> **WHAT NEEDS TO BE DONE**
Your output should consist of the lines from the first line of the records below through the one with "- Ten domowy", exactly, minus the pictures.
------ SUPPLIED ENTRIES
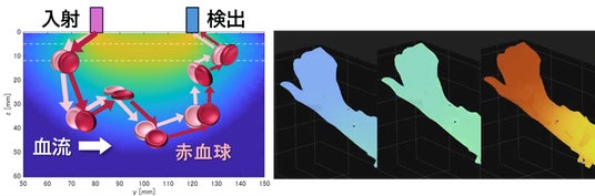 直進性の高い近赤外光を生体内に入射すると、光子は組織中の赤血球によって散乱される(左)。血流が速く赤血球の運動が大きいほど、検出される光強度は時間的にランダムに変動する。この変動特性から、組織血流速度を非侵襲的に計測できる。開発したセンサを用いて前腕の血流変化を計測すると、心拍に同期した血流の脈動や、部位ごとの酸素需要の違いに応じた血流速度分布を可視化できる(右)。
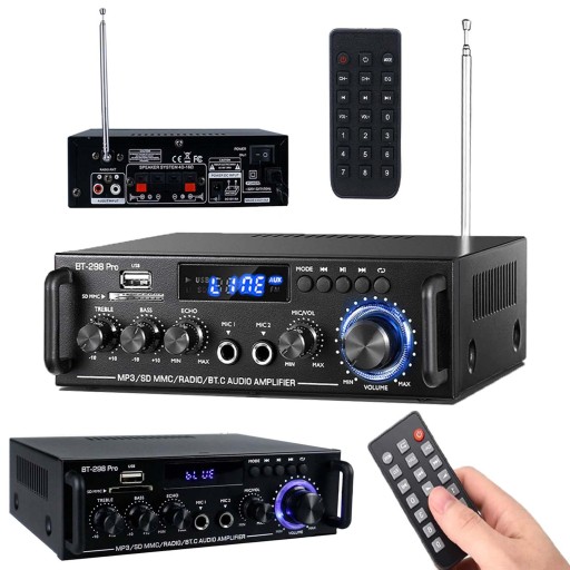 - Ten domowy wzmacniacz audio z Bluetooth, AUX, MIC, SD, wejściem USB i dźwiękiem z urządzeń zewnętrznych,
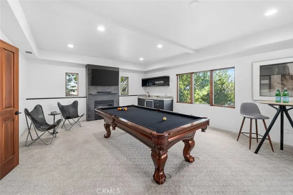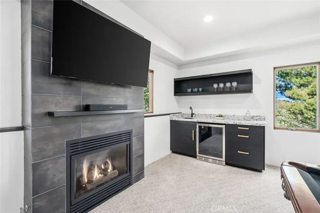 The main level features Italian tile flooring, wool carpet, and curated designer finishes throughout. The updated kitchen showcases a large island with a 5-burner cooktop, quartzite countertops, walk-in pantry, and a built-in Miele coffee machine. The kitchen opens to a deck with a firepit and unobstructed golf course views—ideal for entertaining or unwinding. This level also includes an open-concept living and dining area, a 240-bottle temperature-controlled wine room, laundry, and two well-appointed bedrooms with 1.5 baths. Upstairs is a private primary suite that feels like a luxurious retreat. The spa-inspired bathroom features a soaking tub with quartzite surround and mountain views, a steam shower, floating dual designer vanity, and a TV in the lighted mirror. Enjoy the downstairs game room with a fireplace and beverage refrigerator. The game room opens to the backyard designed for entertainment with a built in BBQ area, covered heated sitting area and a second fountain and the golf course view!
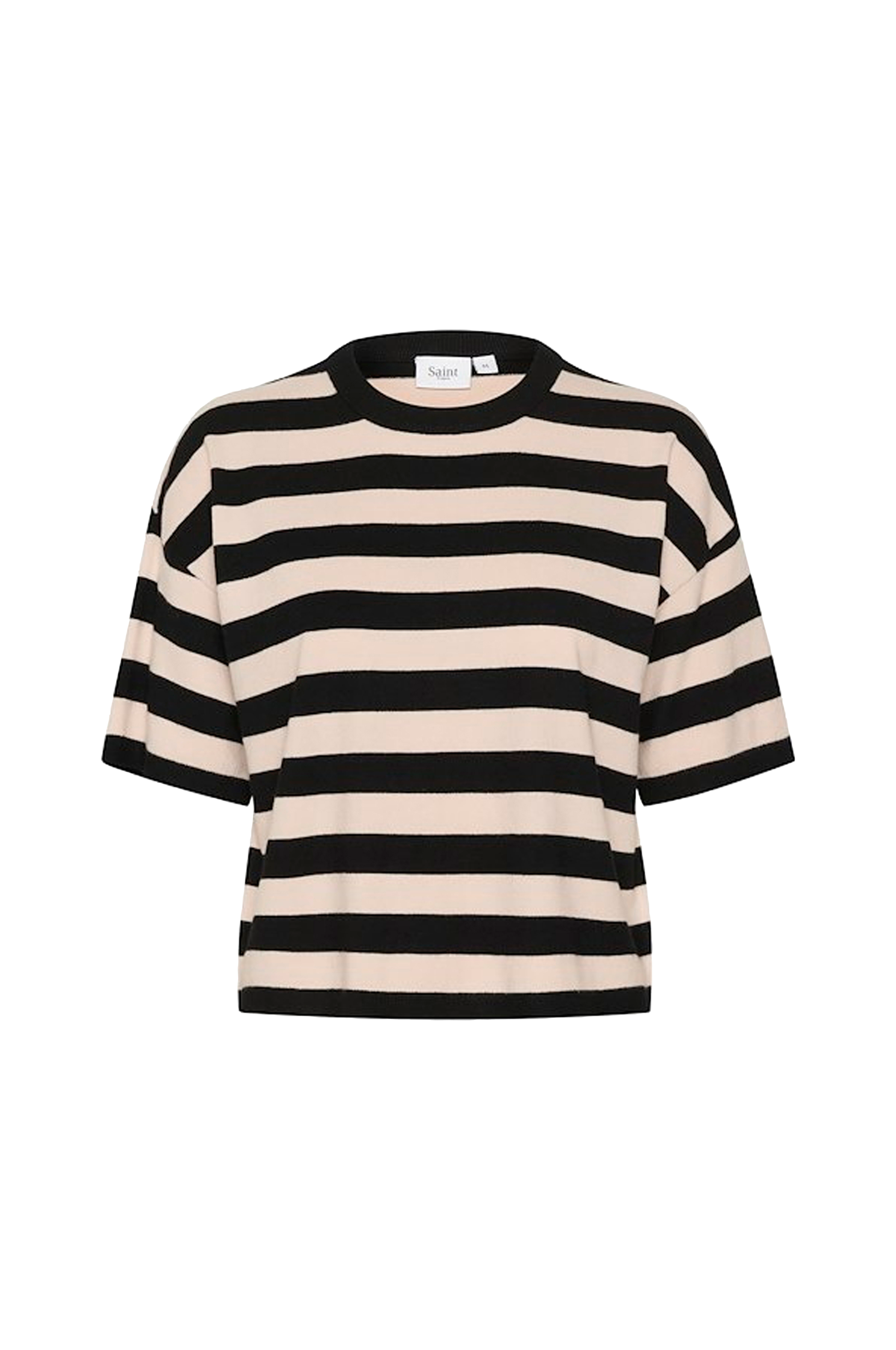 • Rett modell med strikket striper• Rund hals med ribbet kant• Utringet skulder med kort erme• Smal ribbestrikk i ermeslutten og i nedre kant
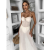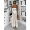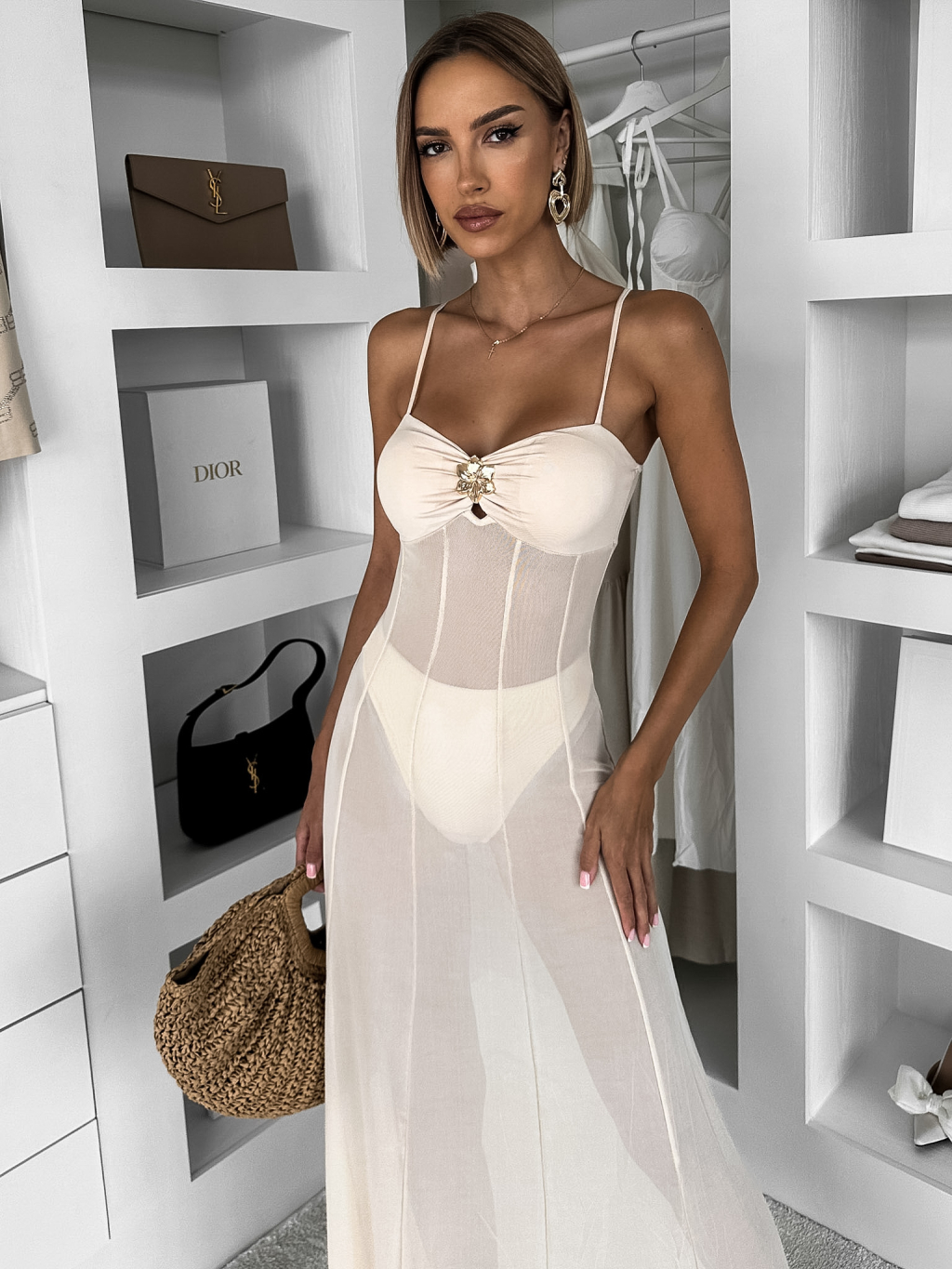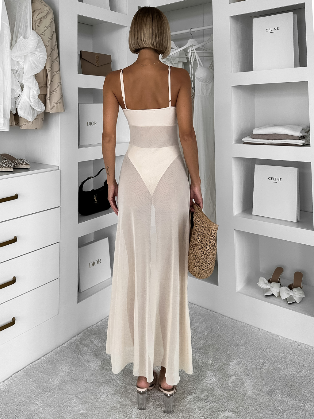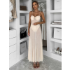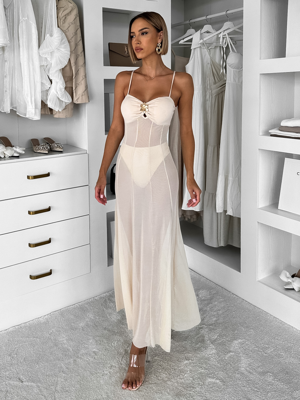 Béžové elegantné priehľadné dlhé šaty EMVARK
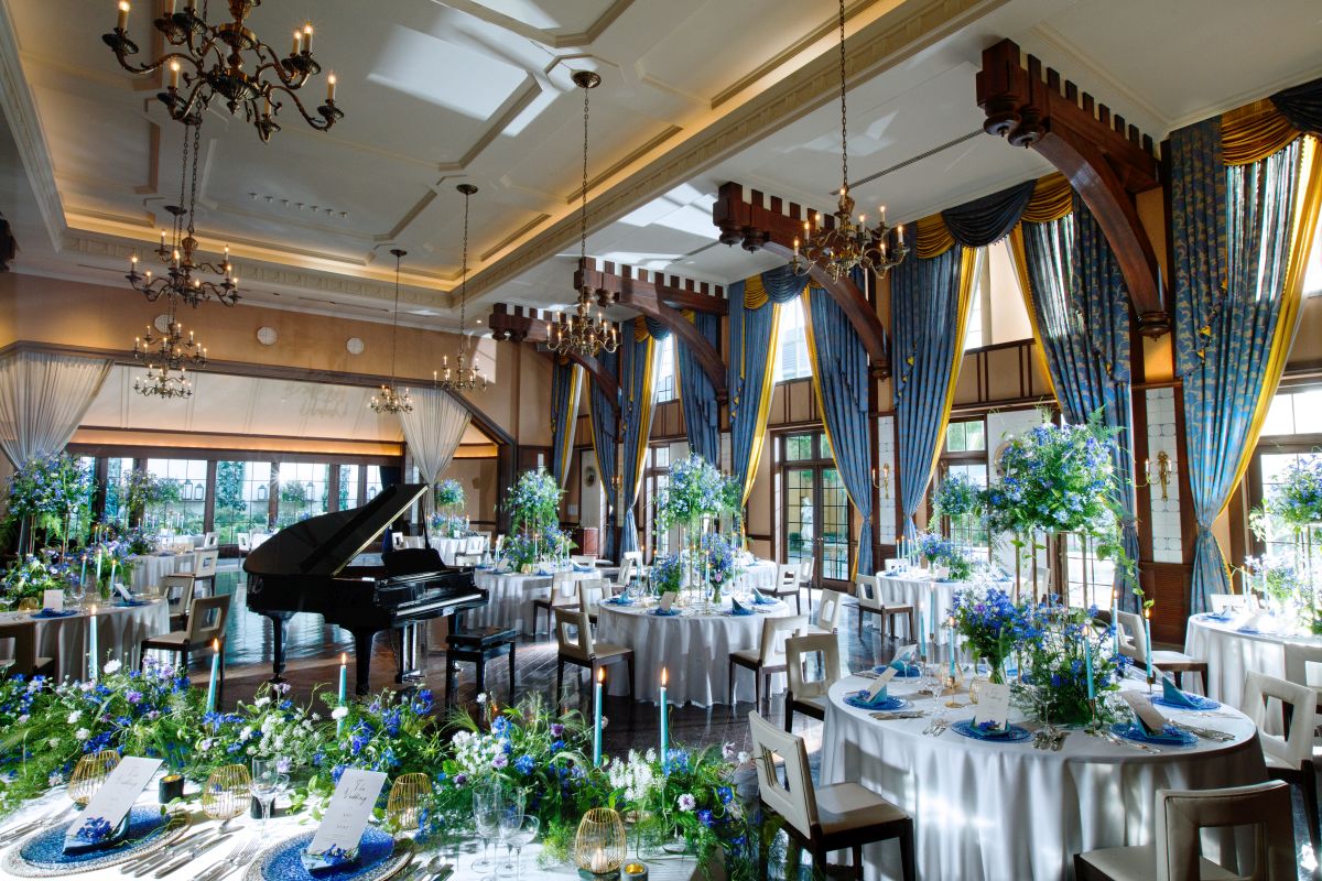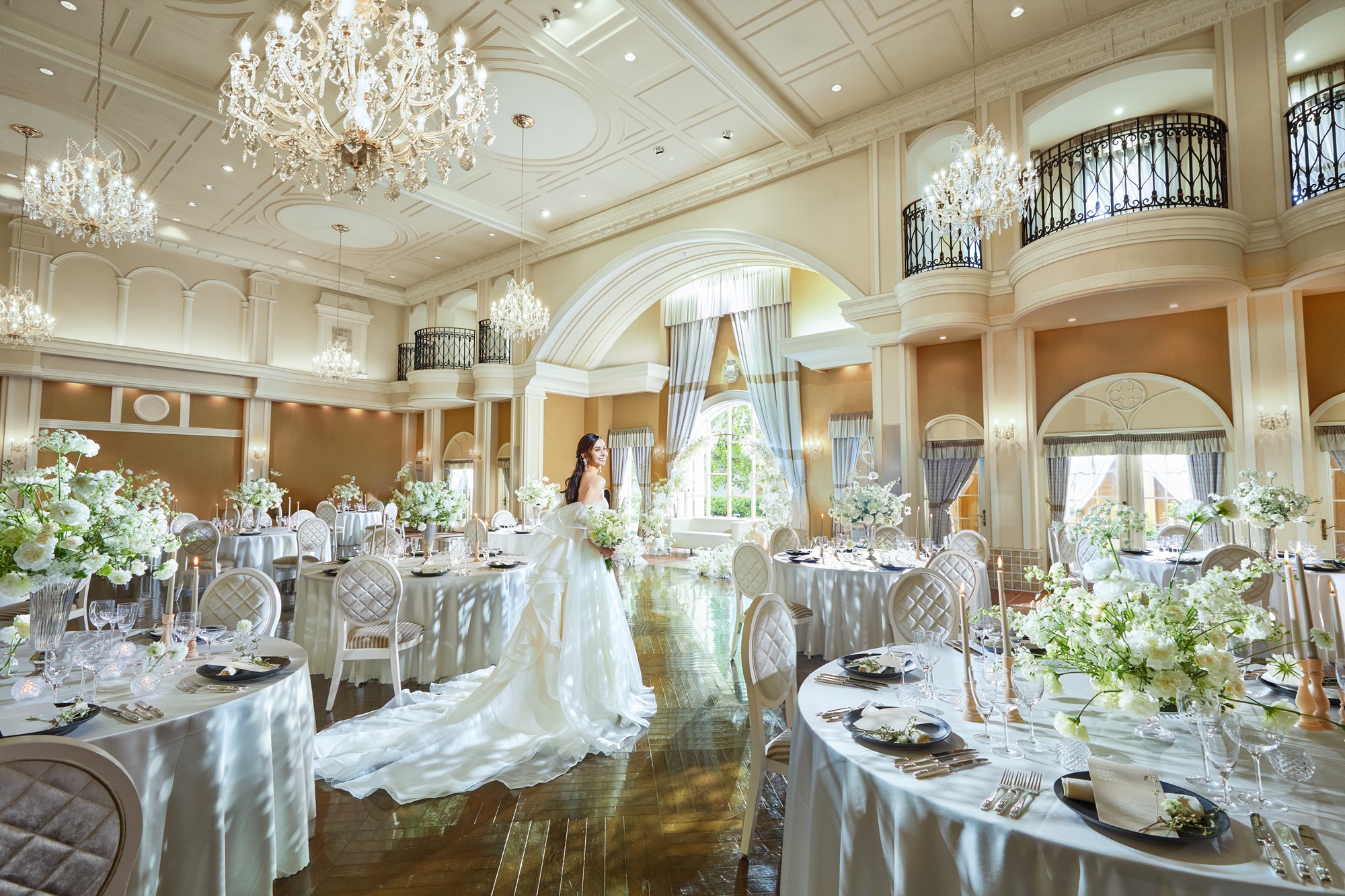 天井高17mの荘厳な大聖堂と、美術館のように洗練された上質空間。全天候型ガーデン付きで、四季を問わず映える演出が叶います。
------------
> **RESPONSE AREA**
 直進性の高い近赤外光を生体内に入射すると、光子は組織中の赤血球によって散乱される(左)。血流が速く赤血球の運動が大きいほど、検出される光強度は時間的にランダムに変動する。この変動特性から、組織血流速度を非侵襲的に計測できる。開発したセンサを用いて前腕の血流変化を計測すると、心拍に同期した血流の脈動や、部位ごとの酸素需要の違いに応じた血流速度分布を可視化できる(右)。
 - Ten domowy wzmacniacz audio z Bluetooth, AUX, MIC, SD, wejściem USB i dźwiękiem z urządzeń zewnętrznych,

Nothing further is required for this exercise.